BEGIN

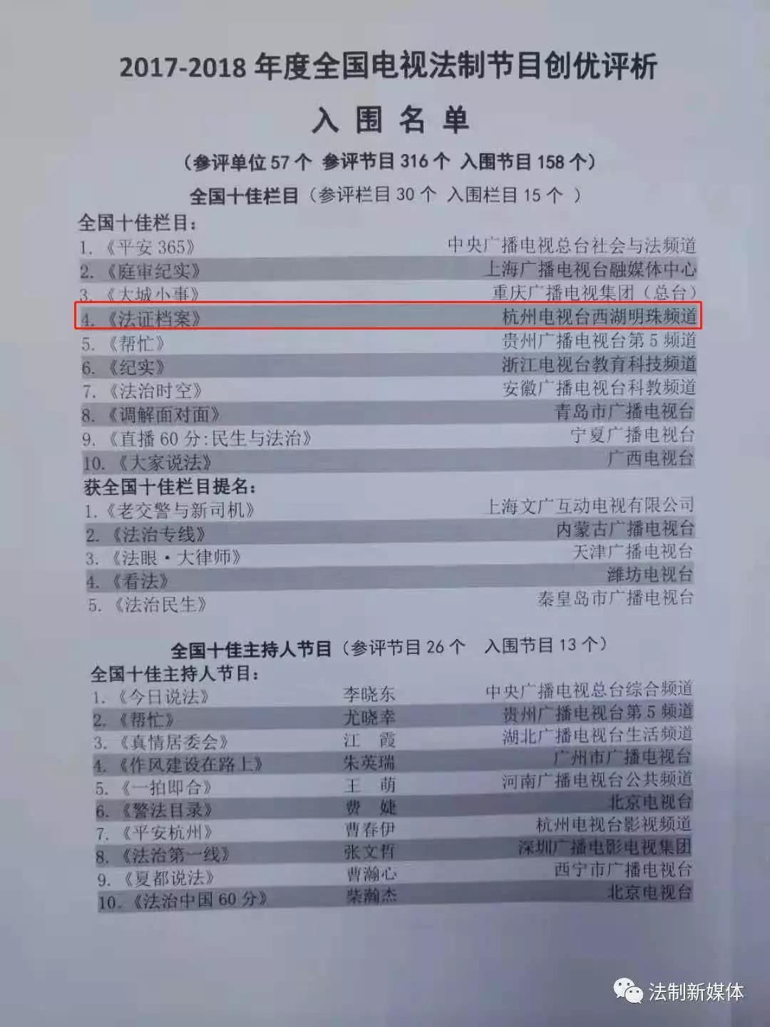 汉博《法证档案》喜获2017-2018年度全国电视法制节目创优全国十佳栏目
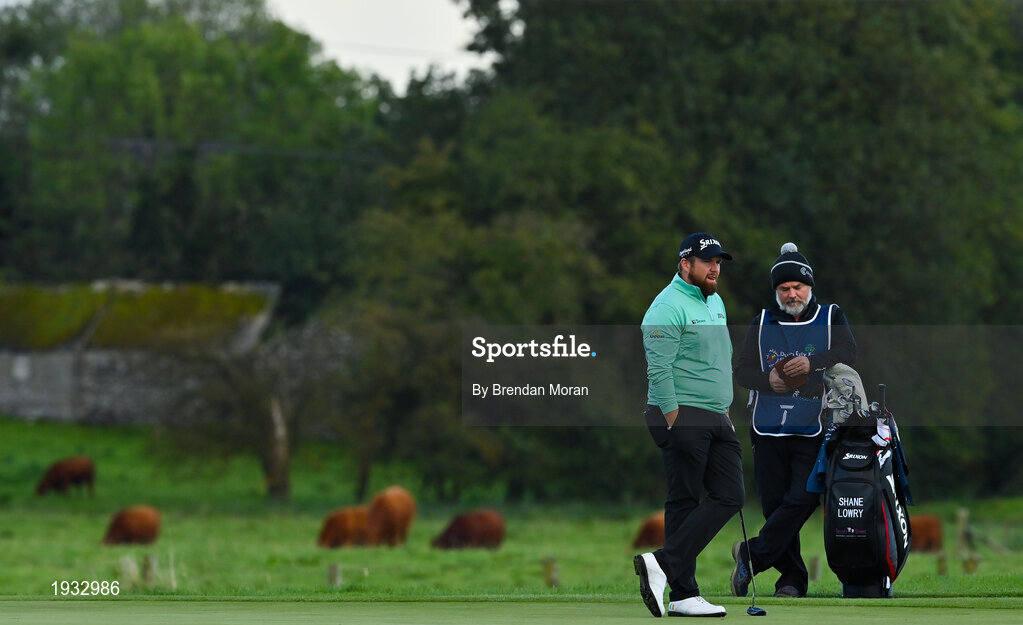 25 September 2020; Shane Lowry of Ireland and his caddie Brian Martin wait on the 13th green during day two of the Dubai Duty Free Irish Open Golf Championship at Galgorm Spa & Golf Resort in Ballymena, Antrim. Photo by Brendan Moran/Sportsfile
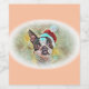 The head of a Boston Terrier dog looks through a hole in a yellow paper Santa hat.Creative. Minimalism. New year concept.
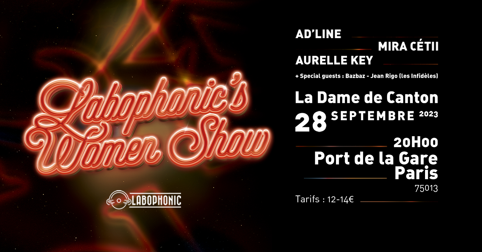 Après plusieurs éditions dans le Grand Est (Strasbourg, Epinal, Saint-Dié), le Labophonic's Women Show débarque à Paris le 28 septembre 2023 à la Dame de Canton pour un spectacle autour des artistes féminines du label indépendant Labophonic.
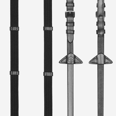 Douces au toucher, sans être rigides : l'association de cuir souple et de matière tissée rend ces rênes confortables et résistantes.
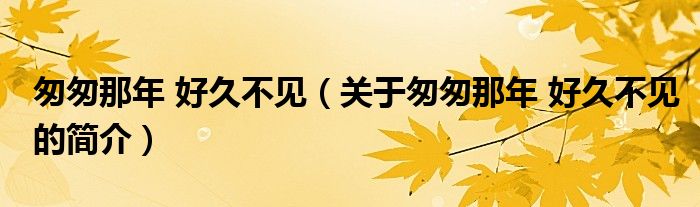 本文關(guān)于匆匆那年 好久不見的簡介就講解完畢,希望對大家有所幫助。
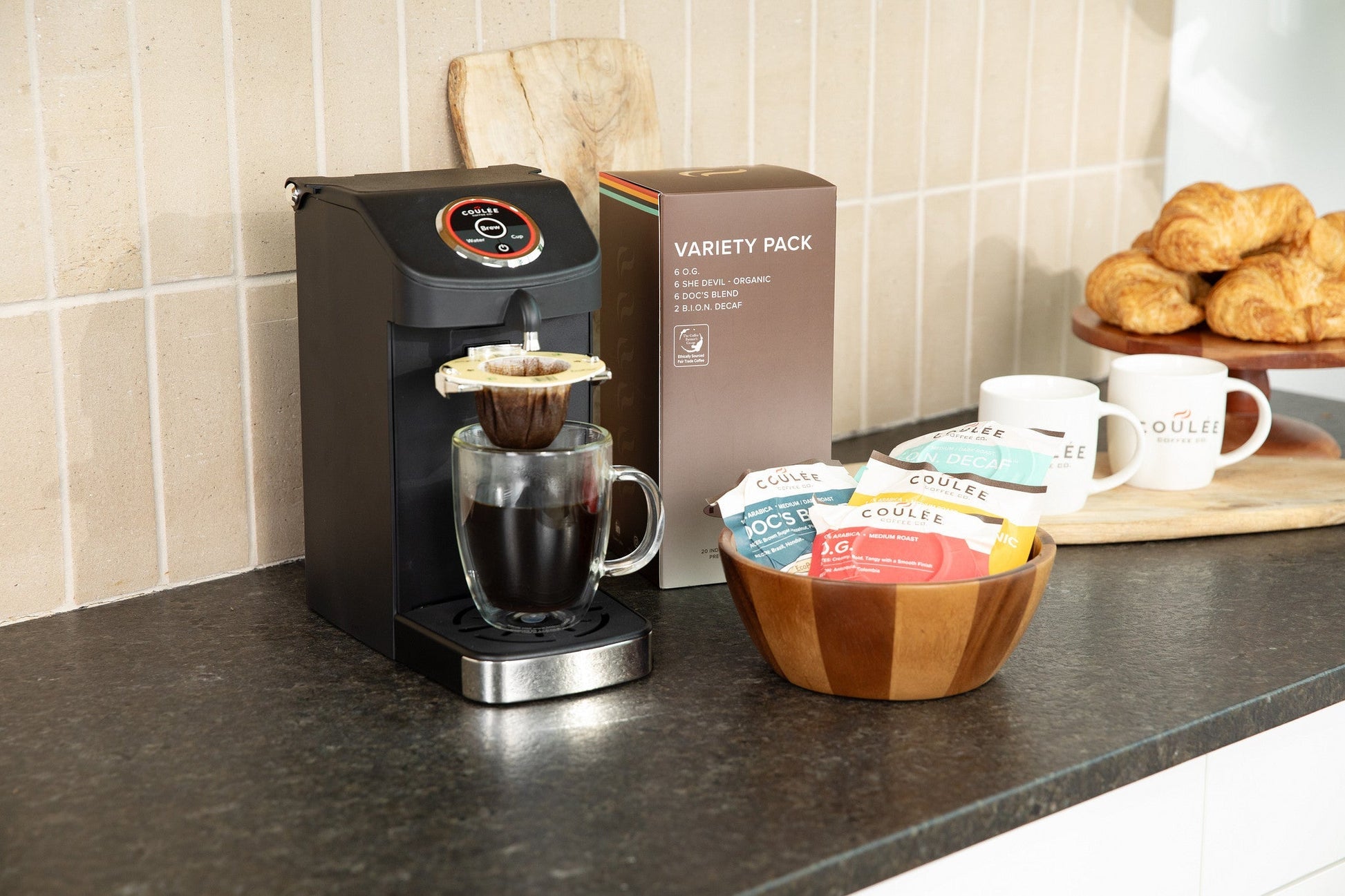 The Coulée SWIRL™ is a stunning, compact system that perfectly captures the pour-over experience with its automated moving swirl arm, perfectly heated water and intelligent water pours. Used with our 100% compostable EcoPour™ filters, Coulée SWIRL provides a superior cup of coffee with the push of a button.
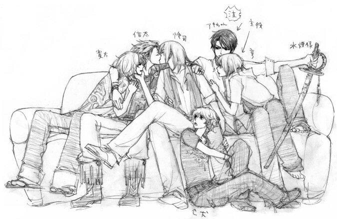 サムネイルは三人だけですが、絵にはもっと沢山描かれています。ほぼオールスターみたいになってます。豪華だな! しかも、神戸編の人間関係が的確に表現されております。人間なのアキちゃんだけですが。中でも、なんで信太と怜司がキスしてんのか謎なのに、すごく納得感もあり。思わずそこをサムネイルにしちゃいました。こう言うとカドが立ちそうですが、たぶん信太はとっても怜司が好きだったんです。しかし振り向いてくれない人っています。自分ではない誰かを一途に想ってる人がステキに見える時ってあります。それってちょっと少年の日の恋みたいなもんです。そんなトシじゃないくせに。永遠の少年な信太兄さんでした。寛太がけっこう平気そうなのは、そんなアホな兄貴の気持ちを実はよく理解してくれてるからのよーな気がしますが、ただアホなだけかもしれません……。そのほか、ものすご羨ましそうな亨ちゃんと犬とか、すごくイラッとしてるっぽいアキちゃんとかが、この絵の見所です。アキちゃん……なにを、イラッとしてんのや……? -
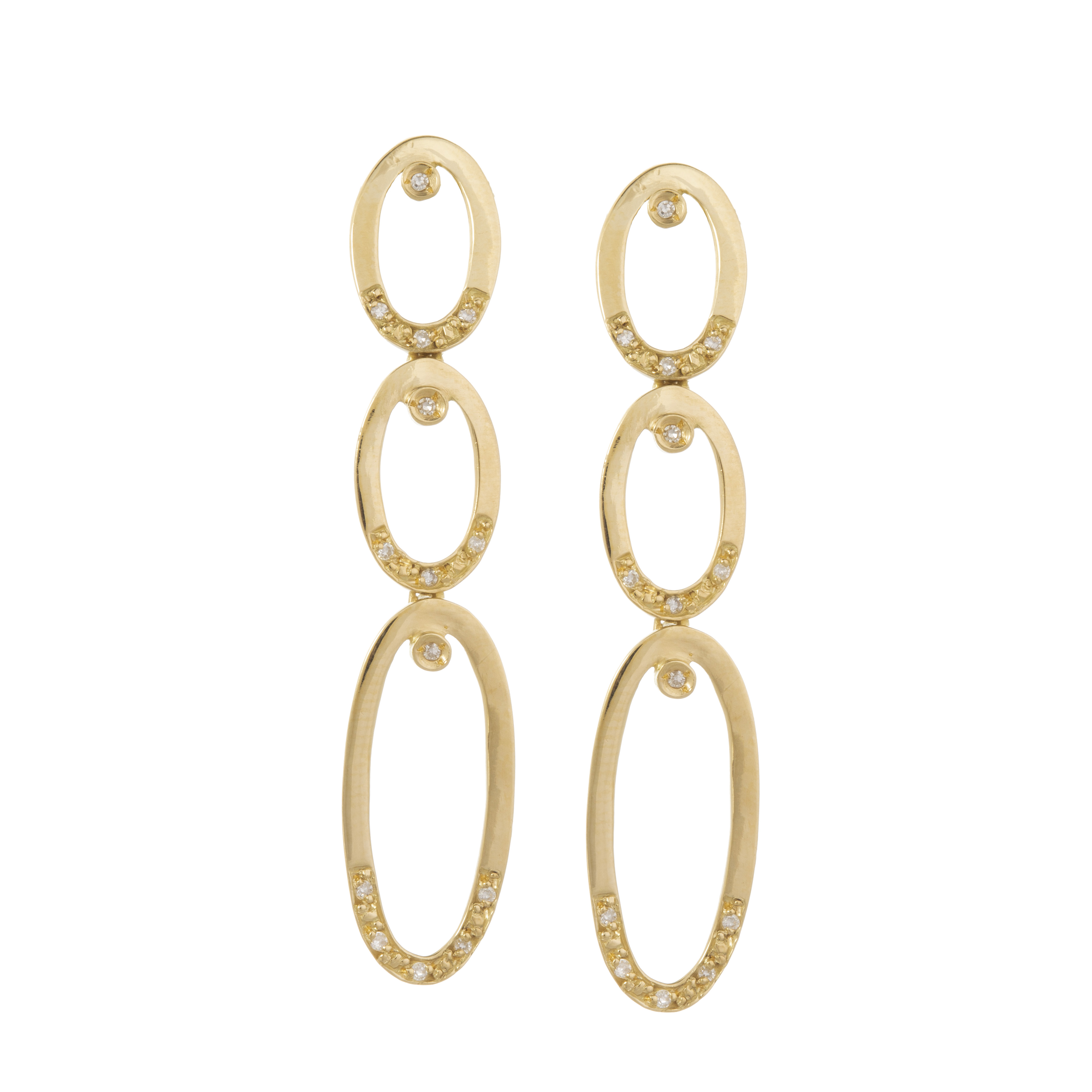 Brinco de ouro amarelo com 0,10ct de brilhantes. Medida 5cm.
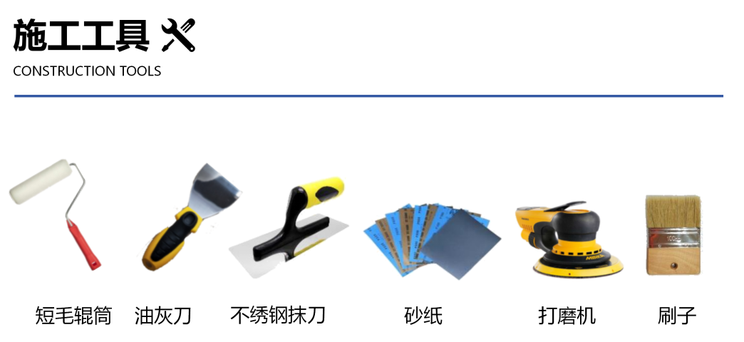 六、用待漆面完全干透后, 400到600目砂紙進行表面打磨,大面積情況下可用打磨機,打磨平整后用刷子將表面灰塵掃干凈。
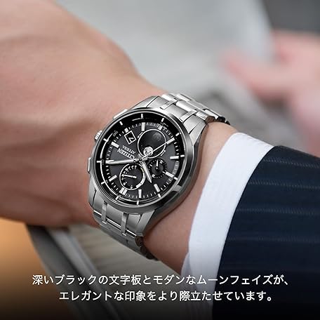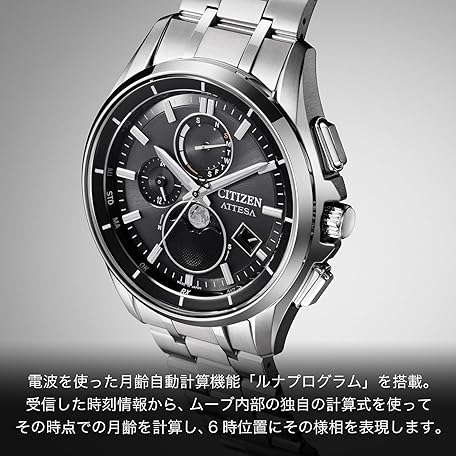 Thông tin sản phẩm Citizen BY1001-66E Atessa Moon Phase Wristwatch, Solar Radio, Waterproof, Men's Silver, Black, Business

END

- **Required action**
Would you transcribe the lines above exactly, going from the line bearing "25 September 2020;" through the line bearing "The Coulée SWIRL™", and drop the pictures from the copy?

- **Written reply**
 25 September 2020; Shane Lowry of Ireland and his caddie Brian Martin wait on the 13th green during day two of the Dubai Duty Free Irish Open Golf Championship at Galgorm Spa & Golf Resort in Ballymena, Antrim. Photo by Brendan Moran/Sportsfile
 The head of a Boston Terrier dog looks through a hole in a yellow paper Santa hat.Creative. Minimalism. New year concept.
 Après plusieurs éditions dans le Grand Est (Strasbourg, Epinal, Saint-Dié), le Labophonic's Women Show débarque à Paris le 28 septembre 2023 à la Dame de Canton pour un spectacle autour des artistes féminines du label indépendant Labophonic.
 Douces au toucher, sans être rigides : l'association de cuir souple et de matière tissée rend ces rênes confortables et résistantes.
 本文關(guān)于匆匆那年 好久不見的簡介就講解完畢,希望對大家有所幫助。
 The Coulée SWIRL™ is a stunning, compact system that perfectly captures the pour-over experience with its automated moving swirl arm, perfectly heated water and intelligent water pours. Used with our 100% compostable EcoPour™ filters, Coulée SWIRL provides a superior cup of coffee with the push of a button.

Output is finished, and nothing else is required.